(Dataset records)
⁂

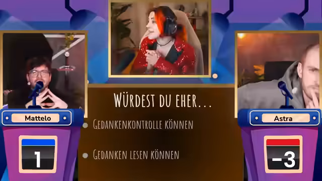06:41:52Die Auswahl zwischen Gedankenkontrolle und Gedankenlesen wird diskutiert. Asta wählt Gedankenkontrolle, da sie beides ermöglicht und mächtiger ist. Er argumentiert, dass man damit Kriege verhindern oder Weltgeschehen lenken könnte, aber auch einen Gotteskomplex entwickeln würde. Matteo stimmt zu. Beide wählen Gedankenkontrolle. Reddit bestätigt mit 4.400 von 6.400 Stimmen. Asta kritisiert fehlende Originalität im Chat.
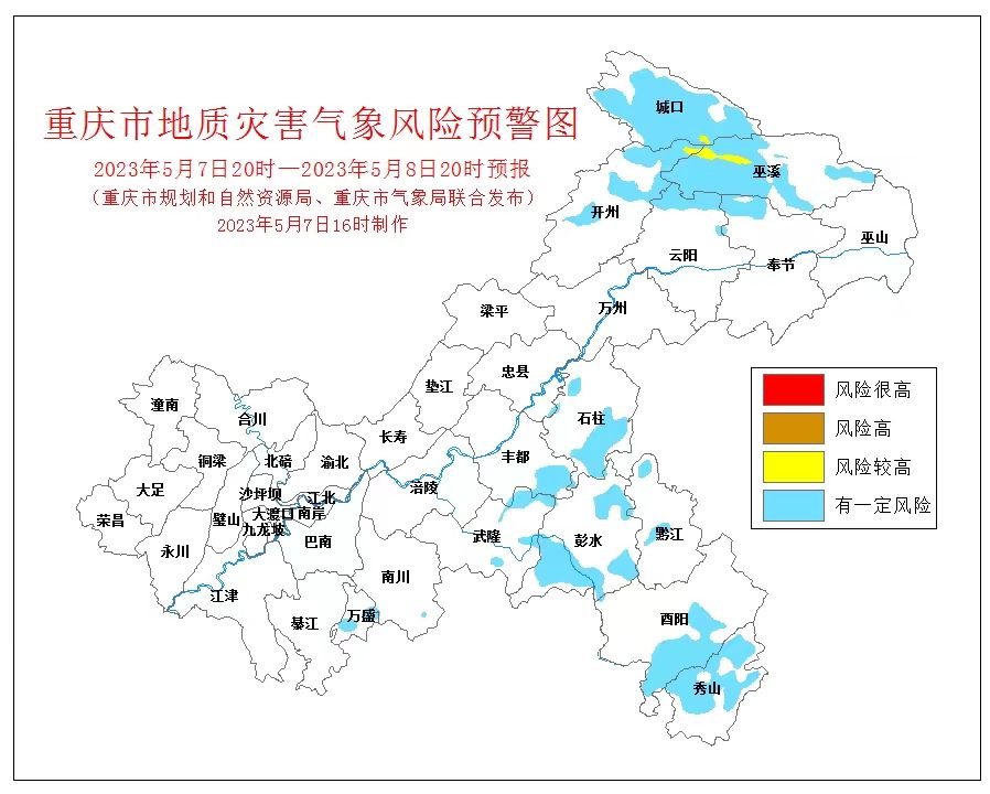 5月7日16時,重慶市規劃和自然資源局、重慶市氣象局聯合發布全市地質災害氣象風險預警。
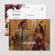 Deixe seu Save the Date definir o tom—romântico, pessoal e inconfundivelmente seu. Este cartão-postal de dupla face combina elegância atemporal com calor vintage, apresentando flores burgundy exuberantes de um lado e um layout de foto completa no verso para sua foto de noivado favorita. A tipografia limpa e clássica destaca seus nomes e data de casamento, enquanto a moldura floral adiciona um toque de beleza formal sem sobrepor sua imagem. Ideal para casais que planejam um casamento de outono ou com tema floral, este cartão personalizável está pronto para impressão, é compatível com o correio e fácil de personalizar. Não são necessários envelopes—basta adicionar seu endereço e enviar uma pequena beleza pelo correio.
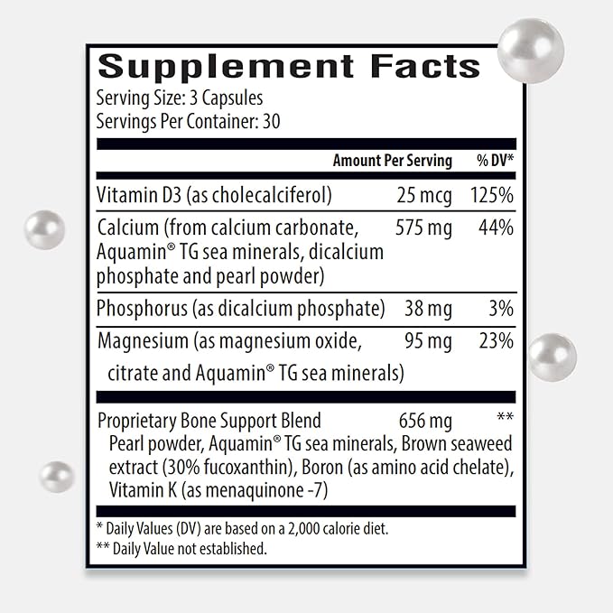 - 🦴 Transition from worrisome bone strength to a healthier state with pearl calcium - 3.5 times more absorbable than regular calcium supplements, 72 bone-building mineral-rich Icelandic marine algae calcium, and Japanese brown seaweed extract.
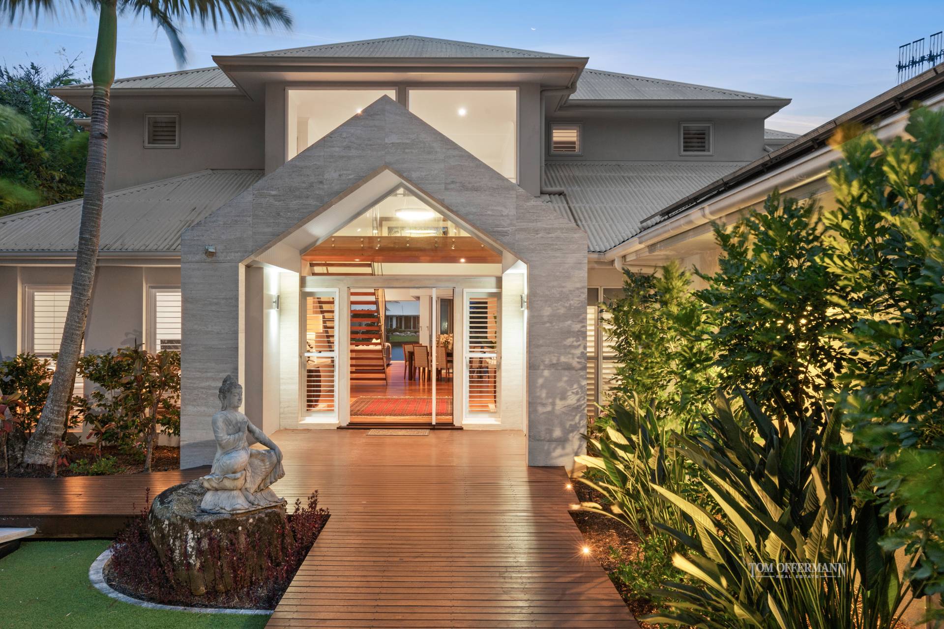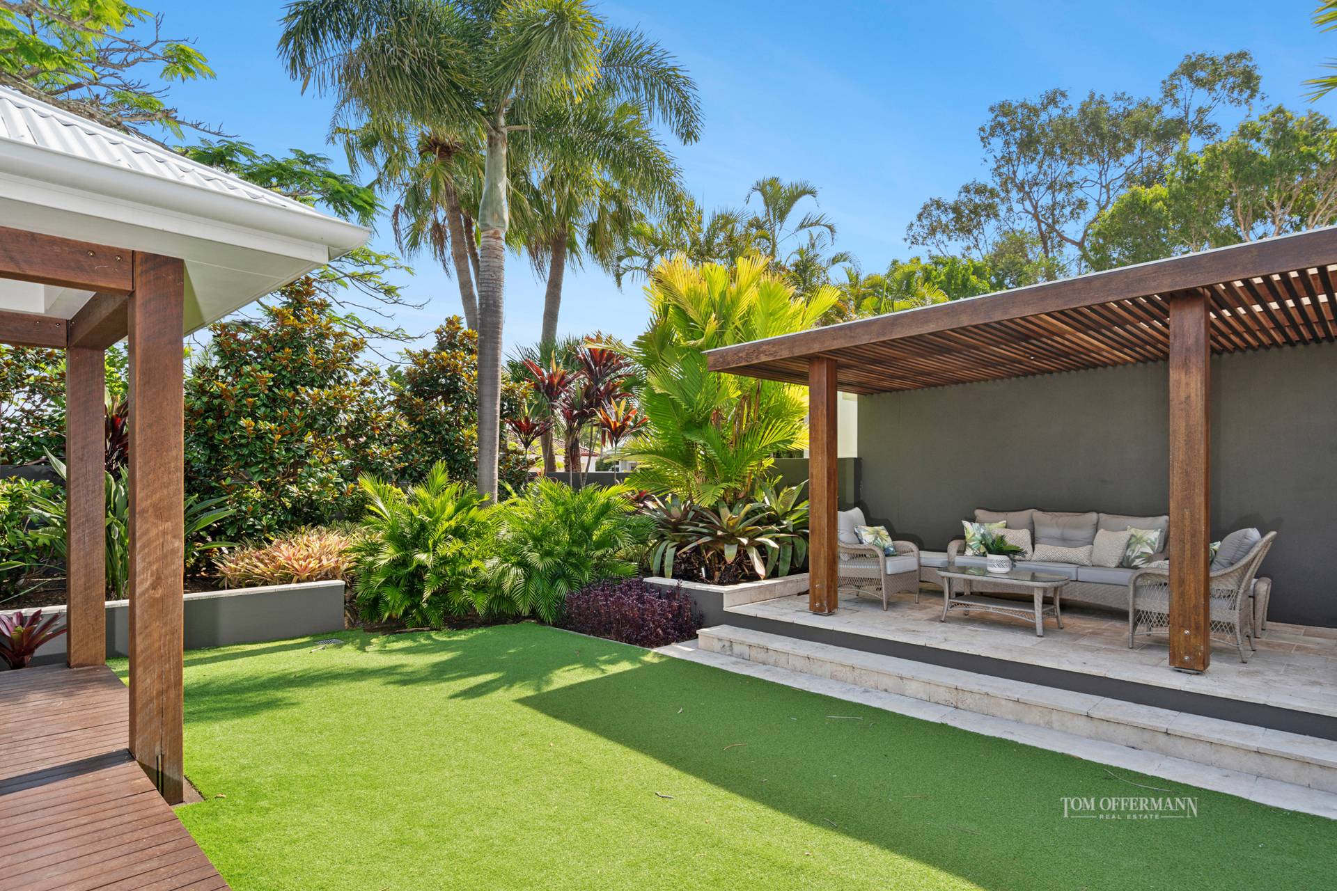 It is intriguing from the cul de sac with its lush landscaping and imposing timber gate, but behind the public persona, a walkway enhanced by a lush tropical garden with a chic cabana centrepiece, reveals itself as ostensibly a private and serene sanctuary.
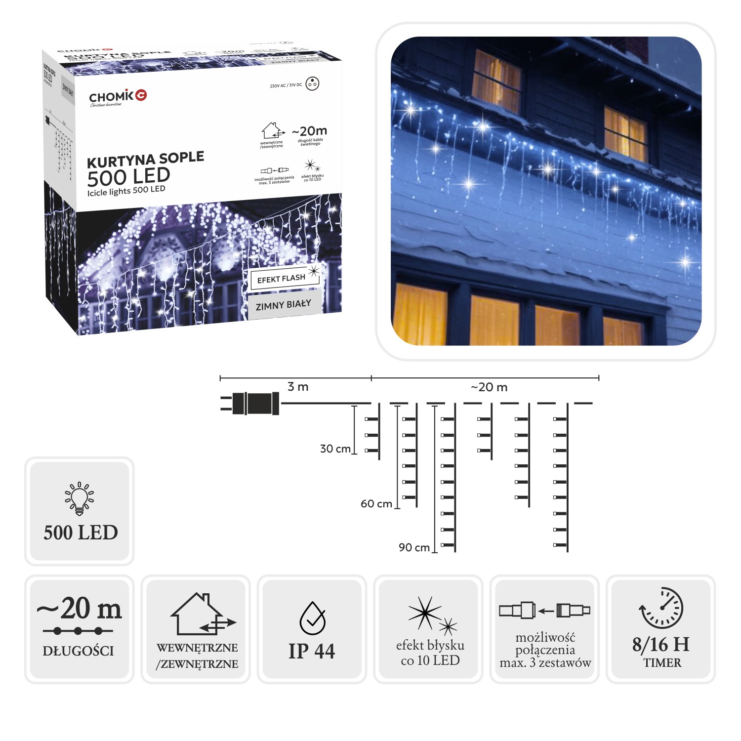 > кількість діодів: 500L> колір діодів: холодний білий + холодний флеш > загальна довжина: ~ 23 м> довжина світлової частини: ~ 20 м> довжина шнура живлення: 3 м> колір ізоляції: білий> колір трансформатора: чорний> клас герметичності: IP44> Постійний програматор з функцією пам'яті та таймером 8/16 годин> режим освітлення: постійний + миготливий> довжина бурульок: 30/70/40/60 см> кількість бурульок: 100> відстань між діодами: 10 см> можливість підключення до 3 шт. світлових ланцюгів> номінальна вторинна напруга: 31 В> номінальна первинна напруга: 230 В> перетин живильного кабелю: 1,5 мм> сертифікат CE

⁂

:: Task description ::
Repeat every entry exactly, but leave out the pictures.

:: Answer ::
06:41:52Die Auswahl zwischen Gedankenkontrolle und Gedankenlesen wird diskutiert. Asta wählt Gedankenkontrolle, da sie beides ermöglicht und mächtiger ist. Er argumentiert, dass man damit Kriege verhindern oder Weltgeschehen lenken könnte, aber auch einen Gotteskomplex entwickeln würde. Matteo stimmt zu. Beide wählen Gedankenkontrolle. Reddit bestätigt mit 4.400 von 6.400 Stimmen. Asta kritisiert fehlende Originalität im Chat.
 5月7日16時,重慶市規劃和自然資源局、重慶市氣象局聯合發布全市地質災害氣象風險預警。
 Deixe seu Save the Date definir o tom—romântico, pessoal e inconfundivelmente seu. Este cartão-postal de dupla face combina elegância atemporal com calor vintage, apresentando flores burgundy exuberantes de um lado e um layout de foto completa no verso para sua foto de noivado favorita. A tipografia limpa e clássica destaca seus nomes e data de casamento, enquanto a moldura floral adiciona um toque de beleza formal sem sobrepor sua imagem. Ideal para casais que planejam um casamento de outono ou com tema floral, este cartão personalizável está pronto para impressão, é compatível com o correio e fácil de personalizar. Não são necessários envelopes—basta adicionar seu endereço e enviar uma pequena beleza pelo correio.
 - 🦴 Transition from worrisome bone strength to a healthier state with pearl calcium - 3.5 times more absorbable than regular calcium supplements, 72 bone-building mineral-rich Icelandic marine algae calcium, and Japanese brown seaweed extract.
 It is intriguing from the cul de sac with its lush landscaping and imposing timber gate, but behind the public persona, a walkway enhanced by a lush tropical garden with a chic cabana centrepiece, reveals itself as ostensibly a private and serene sanctuary.
 > кількість діодів: 500L> колір діодів: холодний білий + холодний флеш > загальна довжина: ~ 23 м> довжина світлової частини: ~ 20 м> довжина шнура живлення: 3 м> колір ізоляції: білий> колір трансформатора: чорний> клас герметичності: IP44> Постійний програматор з функцією пам'яті та таймером 8/16 годин> режим освітлення: постійний + миготливий> довжина бурульок: 30/70/40/60 см> кількість бурульок: 100> відстань між діодами: 10 см> можливість підключення до 3 шт. світлових ланцюгів> номінальна вторинна напруга: 31 В> номінальна первинна напруга: 230 В> перетин живильного кабелю: 1,5 мм> сертифікат CE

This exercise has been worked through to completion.